R/W command is a normal application command that is inserted into the log to be applied later.

You can send a R/W command to the cluster with this API.

message WriteRequest {
  uint32 shard_id = 1;
  bytes message = 2;
  string request_id = 3;
}

request_id is to avoid doubly application. Let's think about this scenario:

  1. The client sends a R/W command to add 1 to the value.
  2. The leader server replicates the command to the followers but crashes before application (+response).
  3. The client resends the command to a new leader after a timeout.
  4. The result is adding 2 to the value whereas the expectation is 1.

To avoid this issue, request_id is added to identify the commands.

R/O command

The R/O command can bypass the log because it is safe to execute the query after the commit index at query time is applied. This is called read_index optimization.

You can send a R/O command to the cluster with the following API.

When read_locally is set to true, the request isn't proxied to the leader but processed locally.

message ReadRequest {
  uint32 shard_id = 1;
  bytes message = 2;
  bool read_locally = 3;
}

Cluster Management

Single server change approach

There are two approaches to membership change. One is by joint consensus and the other is what is called single server change approach. sorock implements the second one.

This approach exploits the log replication mechanism in membership change and therefore can be implemented as an extension of the normal log replication by defining AddServer and RemoveServer commands. From the admin client, the following API can add or remove a Raft process in the cluster.

message AddServerRequest {
  uint32 shard_id = 1;
  string server_id = 2;
}

message RemoveServerRequest {
  uint32 shard_id = 1;
  string server_id = 2;
}

Cluster bootstrapping

In Raft, any command is directed to the leader. So the question is how to add a Raft process to the empty cluster.

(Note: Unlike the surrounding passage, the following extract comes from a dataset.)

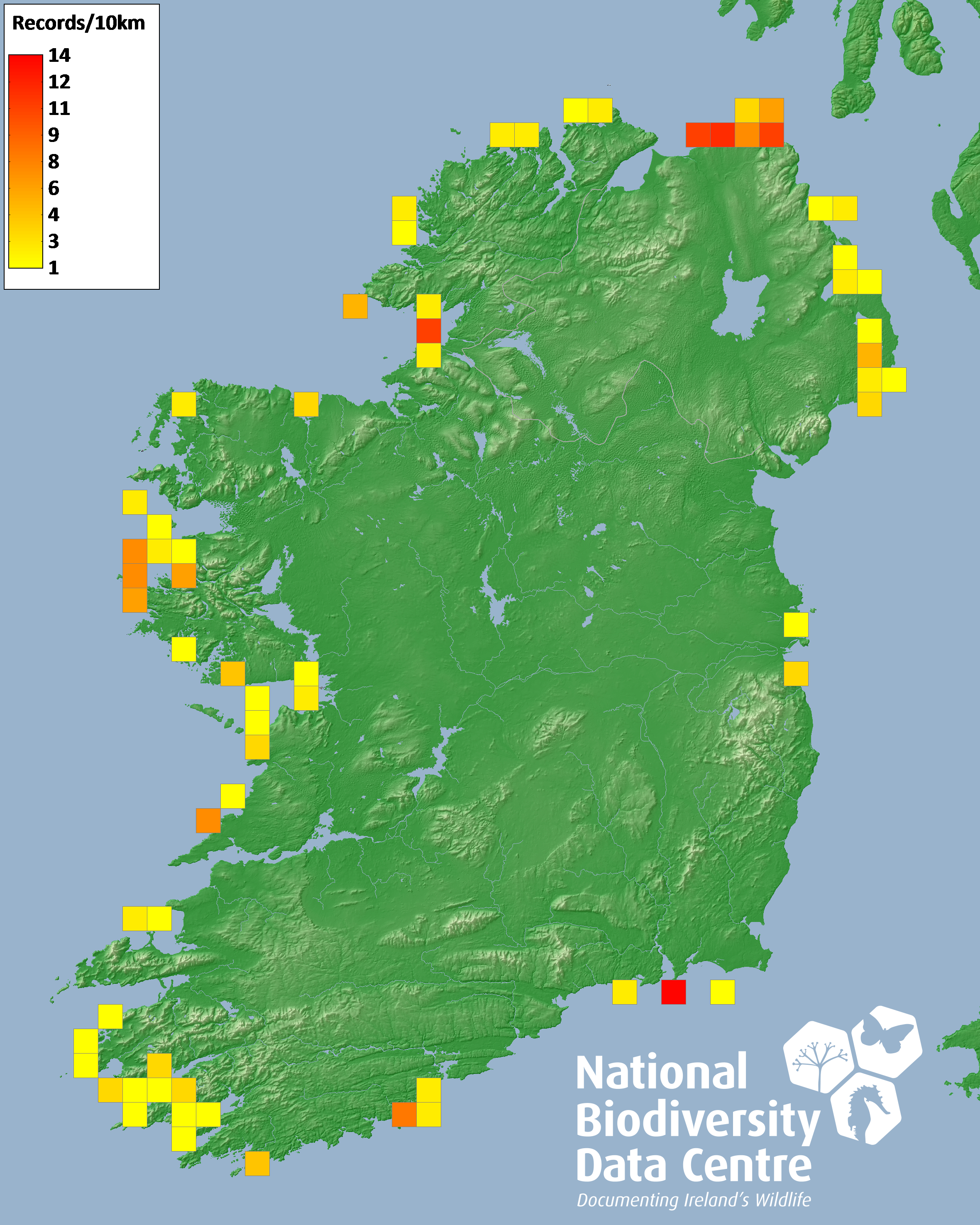 Distribution of the number of records recorded within each 10km grid square (ITM).Marine Map - 50km

The answer is so-called cluster bootstrapping. On receiving the AddServer command and the receiving node recognizes the cluster is empty, the node tries to form a new cluster with itself and immediately becomes a leader as a result of a self election.

Leadership

Command redirection

Raft is a leader-based consensus algorithm. Only a single leader can exist in the cluster at a time and all commands are directed to the leader.

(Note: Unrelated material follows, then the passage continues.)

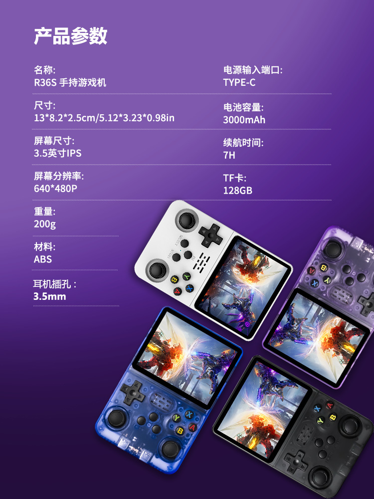 R36 휴대용 게임 콘솔 레트로 아케이드 3D 스크린 HD 쿼드 코어 듀얼 시스템 게임 휴대용 오픈 소스 시스템스토어 가기

In sorock, if the receiving Raft process isn't the leader, the command is redirected to the leader.

Adaptive leader failure detection

Detecting the leader's failure is a very important issue in Raft algorithm. The naive implementation can send heartbeats to the followers periodically and followers can detect the leader's failure by timeout. However, this approach requires the heartbeat interval and the timeout duration to be set properly before deployment. This brings another complexity. Not only that, these times can't be fixed to a single value when the distance between nodes is heterogeneous such as geo-distributed environment.

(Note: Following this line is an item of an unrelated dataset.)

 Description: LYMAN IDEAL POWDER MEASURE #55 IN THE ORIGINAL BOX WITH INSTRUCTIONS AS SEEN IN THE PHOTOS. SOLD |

To solve this problem, sorock uses an adaptive failure detection algorithm called Phi accrual failure detector. With this approach, users are free from setting the timing parameters.

Leadership transfer extension

In multi-raft, changing the cluster members is not a rare case. An example of this case is rebalancing: To balance the CPU/disk usage between nodes, Raft process may be moved to other nodes.

If the Raft process to be removed is the leader, the cluster will not have a leader until a new leader is elected which causes downtime.

To mitigate this problem, the admin client can send a TimeoutNow command to any remaining Raft process to forcibly start a new election (by promoting to a candidate in Raft term).

message TimeoutNow {
  uint32 shard_id = 1;
}

Development

Testing

cargo test to run unit tests.

Benchmark

cargo +nightly bench to run benchmarks.

Load Testing

We have a nice load testing tool named "Mr. Bench". To ask him for a help, run cargo run -p mrbench. For detail, please refer to the README.

Documentation

For editing the mdbook under doc/ directory, you can run mdbook serve doc to start the local mdbook server.